Panos Karan (born 1982[1][2]) is a British[3][4] classical pianist,[5] conductor[6] and composer[7] of Greek origin.[8] He was born in Crete,[1][9] and grew up in Athens,[2] where he graduated from the American College of Greece.[10] He studied piano at the Royal Academy of Music as a student of Sulamita Aronovsky.[11] He made his professional debut performance at the Southbank Centre at age 19.[12][13]
St Martin-in-the-Fields on 15 April 2004;[14]
Hermitage Theatre on 17 January 2008;[15]
Konzerthaus, Vienna on 6 May 2011;[16]
Weill Recital Hall at Carnegie Hall on 19 May 2007,[17] 9 June 2009,11 October 2011[18] and 8 June 2018;[19][20]
Athens Concert Hall on 14 January 2011[21] and 26 June 2013;[22]
Tokyo Oji Hall on 16 March 2014;[23]
Queen Elizabeth Hall on 2 April 2014[24][3] and 1 April 2019;[25]

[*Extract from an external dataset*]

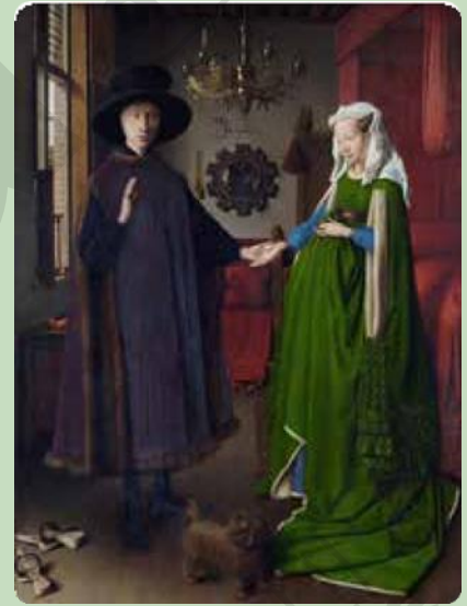
Jan van Eyck, Portret van Giovanni Arnolfini en zijn vrouw, 1434

Ook de tussenkleuren kunnen elkaars complementaire kleuren zijn. Zo is blauwgroen de kleur tussen blauw en groen. Het is ook de complementaire kleur van de kleur die tussen oranje (de complementaire kleur van blauw) en rood (de complementaire kleur van groen) ligt. Door complementaire kleuren naast elkaar te zetten, ontstaat een heel sterk contrast.

Teatro Nacional Sucre on 13 December 2012[26][27] and 29 April 2015;[28]
Blue Rose Hall at Suntory Hall on 14 March 2014,[29] 3 August 2015[30][31] and 23 June 2018;[32]
St John's, Smith Square in November 2008[33] and 1 June 2015;[34][35]
Tokyo Opera City on 20 August 2015;[36]
Symphony Hall, Boston on 3 April 2016;[37][38]
Cadogan Hall on 11 June 2018;[39]
Suntory Hall on 6 August 2018;[40]
Sydney Opera House on 3 February 2020.[41]
Karan's composition Surupanga was premiered at St.John's, Smiths Square, London on 1 June 2015.[42]
Karan has recorded Rachmaninov Piano Concerto No. 3 with Toby Purser, conductor, and the Orion Symphony Orchestra.[43][44]
In 2018 he recorded the 24 Chopin Études in live concert at London's Cadogan Hall.[45]
Karan was laureate at the 2004 "José Iturbi" International Piano Competition in Valencia, Spain.[17][46]
In 2011, he founded charity organisation Keys of Change,[5][47] with the motto "Can music change the world? We believe it can", an organisation aiming to use music as a tool to improve to improve and empower the lives of young people around the world.[12][48][49] With Κeys of Change he has completed musical projects in the Amazon,[50][51] Sierra Leone,[52] Uganda,[53] India,[53] Serbia[54] and Japan.[47]
In 2012, with the support of Keys of Change, he founded the Fukushima Youth Sinfoinetta, an orchestra made up of young musicians that came together in the wake of the 2011 disaster.[55] In April 2014 and 2019 he performed with the Fukushima Youth Sinfoinetta at the Queen Elizabeth Hall, London,[56] in August 2015 at the Tokyo Opera City[56] and in April 2016 at Symphony Hall, Boston.[57]
He has helped create the Kolkata Youth Orchestra[58] and the Accra Youth Sinfonietta.[59]